That would be Wally, a smiling, big-shouldered white man who delivers crisply wrapped shirts and cheerful greetings to our back door every week.

“Good morning, Mrs. Jefferson,” he says. “Good morning, Doctor. Hello, girls.”

“Hello, Wally,” we chime back from the breakfast table. Then, one weekend afternoon, I was in the kitchen with Mother doing something minor and domestic, like helping unpack groceries, when she said slowly, not looking at me: “I saw Wally at Sears today. I was looking at vacuum cleaners. And I looked up and saw him—” (Here she paused for the distancing Rodgers and Hammerstein irony,
“across a crowded room.”
) “He was turning his head away, hoping he wouldn’t have to speak. Wally the laundryman was trying to cut me.” If this had been drama, she would have paused and done something with a telling prop—one of the better brands of an everyday food, or a nice-looking piece of flatware. Then she said, “And I don’t even shop at Sears except for appliances.”

Humor is laughing at what you haven’t got when you ought to have it
—the right, in this case, to snub or choose to speak kindly to your laundryman in a store where he must shop for clothes and you shop only for appliances.

Still, Wally went on delivering laundry with cheerful deference, and we responded with cooler—but not intrusively cool—civility.

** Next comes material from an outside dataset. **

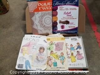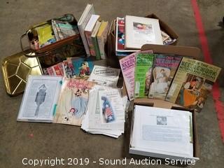 Lot #0079: Box & Tin w/ Sewing Literature & Patterns

Was there no Negro laundry to do Daddy’s shirts as well or better? Our milkman was a Negro. So were our janitor, our plumber, our carpenter, our upholsterer, our caterer, and our dressmaker. Though I don’t remember all their names, I know their affect was restful. Comfortable. If a Negro employee did his work in a sloppy or sullen way (and it did happen), Mother and Daddy had two responses. One was your standard folk wisecrack, something like “Well, some of us
are
lazy, quiet as it’s kept.”
Humor is laughing at what you haven’t got when you ought to have it:
in this case, a spotless race reputation.

The second response was disquieting. “Some Negroes prefer to work for white people. They don’t resent their status in the same way.”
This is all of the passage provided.